Performance & Benchmarks
FlatSharp is really, really fast. The FlatSharp benchmarks were run on .NET 5.0, using a C# approximation of Google's FlatBuffer benchmark, which can be found here.
The benchmarks test 4 different serialization frameworks, all using default settings:
- FlatSharp -- 6.0.0
- Protobuf.NET -- 3.0.101
- Google's C# Flatbuffers -- 2.0.0
- Message Pack C# -- 2.3.75
The full results for each version of FlatSharp can be viewed in the benchmarks folder. Additionally, the benchmark data contains performance data for many different configurations of FlatSharp and other features, such as sorted vectors and shared strings.
Word of Warning
Serialization benchmarks are not reflective of "real-world" performance, because processes rarely do serialization-only workflows. In reality, your serializer is going to be competing for L1 cache and other resources along with everything else in your program (and everything else on the machine). So while these benchmarks show that FlatSharp is faster by a wide margin, these benefits may not translate to any practical effect in your environment, depending completely upon your own workflows and data structures. Your choice of serialization format and library should be informed by your needs (Do you need lazy access?
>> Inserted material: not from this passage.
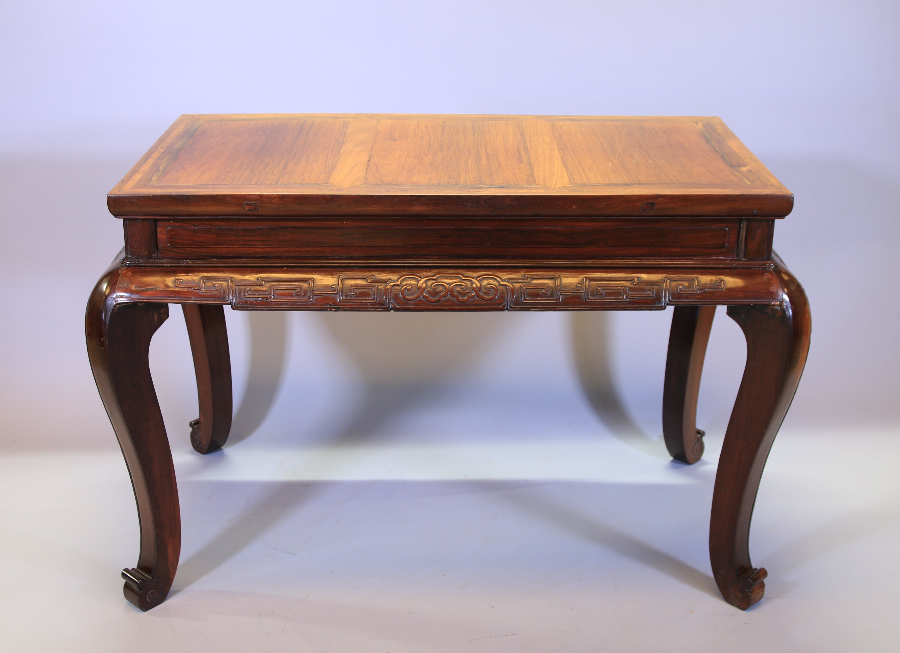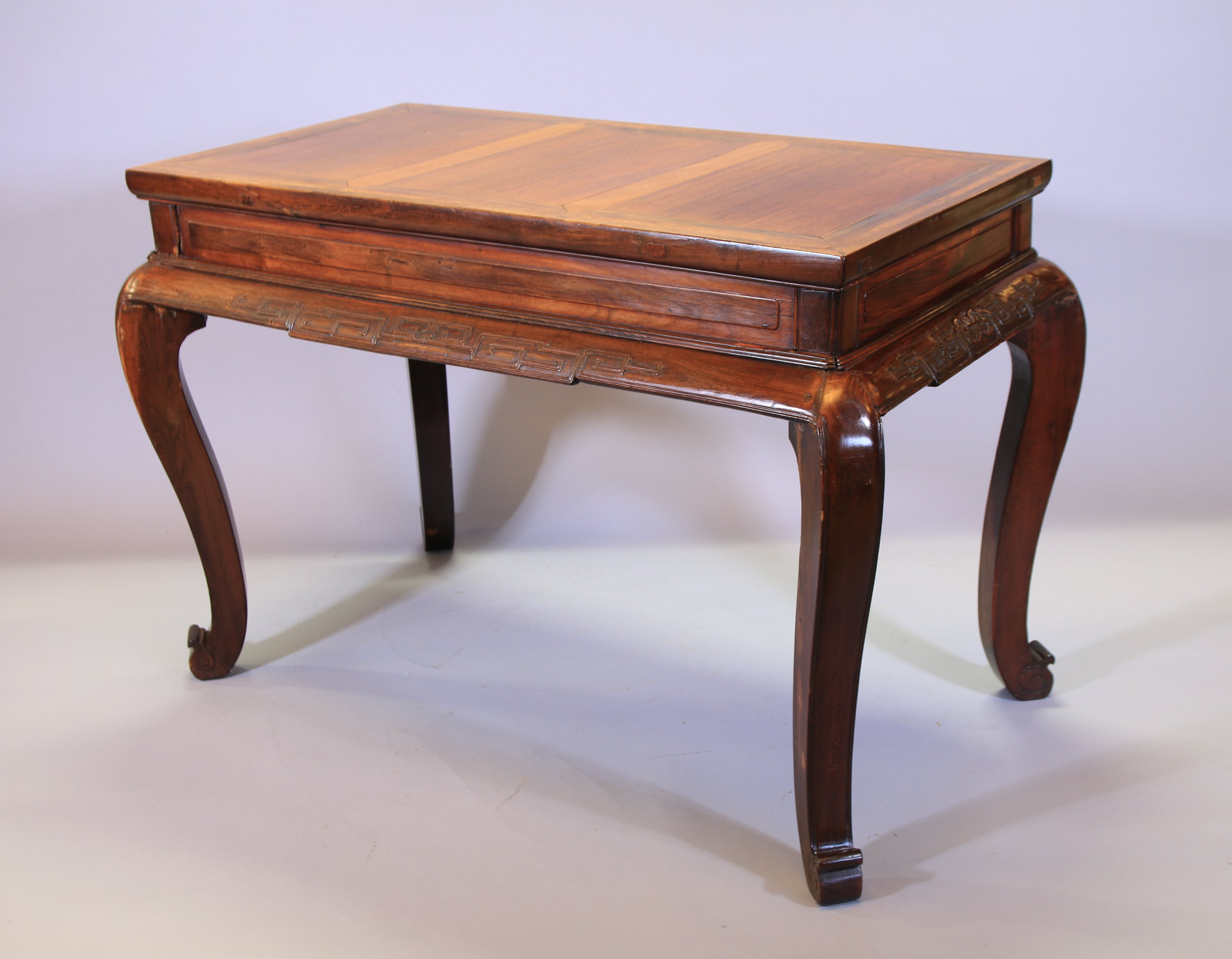 en bois exotiques. La ceinture à décor de grecques et d'enroulement, les pieds galbés terminés par des enroulements.

Do you care about compact message size?) and not by the results of a benchmark that shows best-case results for all serializers by virtue of that being the only thing running on the machine at that point in time.
Serialization
This data shows the mean time it takes to serialize a typical message containing a 30-item vector.
Library | Time | Relative Performance | Data Size |
---|---|---|---|
FlatSharp (Optimized) | 1,127 ns | 63% | 3085 |
FlatSharp (Default) | 1,799 | 100% | 3085 |
Message Pack C# | 2,613 | 145% | 2497 |
Google Flatbuffers | 6,157 | 342% | 3312 |
Google Flatbuffers (Object API) | 6,490 | 361% | 3312 |
Protobuf.NET | 8,518 | 473% | 2646 |
Deserialization
How much time does it take to parse and then fully enumerate the message from the serialization benchmark?
Library | Time | Relative Performance |
---|---|---|
FlatSharp (Optimized) | 1,746 ns | 79% |
FlatSharp (Default) | 2,211 | 100% |
Message Pack C# | 5,491 | 248% |
Google Flatbuffers | 4,928 | 223% |
Google Flatbuffers (Object API) | 7,734 | 350% |
Protobuf.NET | 8,464 | 383% |
So What Packages Do I Need?
There are two main ways to use FlatSharp: Precompilation with .fbs files and runtime compilation using attributes on C# classes. Both of these produce and load the same code, so the performance will be identical. There are some good reasons to use precompilation over runtime compilation:
- No runtime overhead -- Roslyn can take a little bit to spin up the first time
- Fewer package dependencies
- Better interop with other FlatBuffers languages via .fbs files
- gRPC Support
- Schema validation errors caught at build-time instead of runtime.
- Better supported with other .NET toolchains (Unity / Blazor / etc)
Scenario | FlatSharp.Runtime | FlatSharp | FlatSharp.Compiler |
---|---|---|---|
Ahead of Time Compilation | ✅ | ❌ | ✅ |
Runtime Compilation | ✅ | ✅ | ❌ |
License
FlatSharp is licensed under Apache 2.0.